When you see parallel threads in your traces, you need to determine which threads are waiting so you can determine the critical path for the request. In most cases, the thread that quickly goes into a wait state is simply waiting on the other threads. Concentrate on the others and ignore the time in the waiting threads.
No profiling data
If the data you are trying to view is older than a couple of weeks, try limiting your time filter and try again.
Check that proxies or a firewall have not blocked access to https://gateway.azureserviceprofiler.net.
Check that the Application Insights instrumentation key you are using in your app is the same as the Application Insights resource you've enabled profiling with. The key is usually in ApplicationInsights.config but can also be found in web.config or app.config.
Error report in the profiling viewer
File a support ticket from the portal. Please include the correlation ID from the error message.
When you configure the profiler, the following updates are made to the Web App's settings. You can do them yourself manually if your environment requires, for example, if your application runs in Azure App Service Environment (ASE):
- In the web app control blade, open Settings.

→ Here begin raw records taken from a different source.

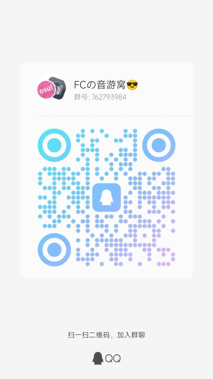 群里人少,说话的也少,招人,不限水平,本人乐意帮忙解决问题。群里主要讨论osu/malody,如果你有其他想聊的音游也可以,不限制,音游之外也行,不要太多(也不指望群里能活跃起来)本人主玩4k,ma8dan,osu5600pp,其他音游也接触不少,偶尔会在群里发点资讯。欢迎加群
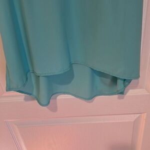 Excellent condition. Teal blue long sleeveless slightly sheer blouse. Size XL. Approx measurements across chest 22” length front 27.5” back 31”
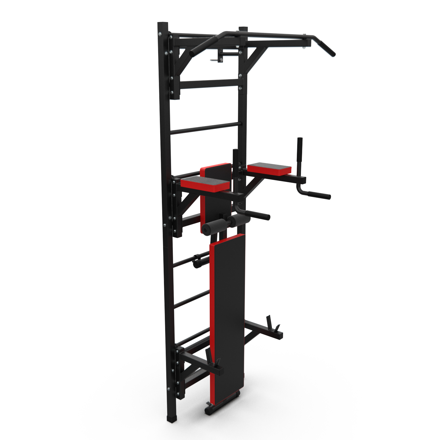 Турник длиной 99 см оснащён мягкими неопреновыми ручками, очень легко перевешивается на перекладины шведской стенки, что позволяет менять его высоту. Расстояние от ручек турника до шведской стенки (вынос турника) - 72 см. Вынос брусьев – 87 см, размер подушки под спину 42 х 25 см, а её толщина 5 см. Подушки подлокотников размерами 25 х 13 х 5 см, а поручни длиной 32 см диаметром 25 мм и толщиной стали 1,5 мм.

- Set ".Net Framework version" to v4.6.
- Set "Always On" to On.
- Add app setting "APPINSIGHTS_INSTRUMENTATIONKEY" and set the value to the same instrumentation key used by the SDK.
- Open Advanced Tools.
- Click "Go" to open the Kudu website.
- In the Kudu website, select "Site extensions".
- Install "Application Insights" from Gallery.
- Restart the web app.
ASP.NET Core Support
ASP.NET Core application needs to install Microsoft.ApplicationInsights.AspNetCore Nuget package 2.1.0-beta6 or higher to work with the Profiler. We no longer support the lower versions after 6/27/2017.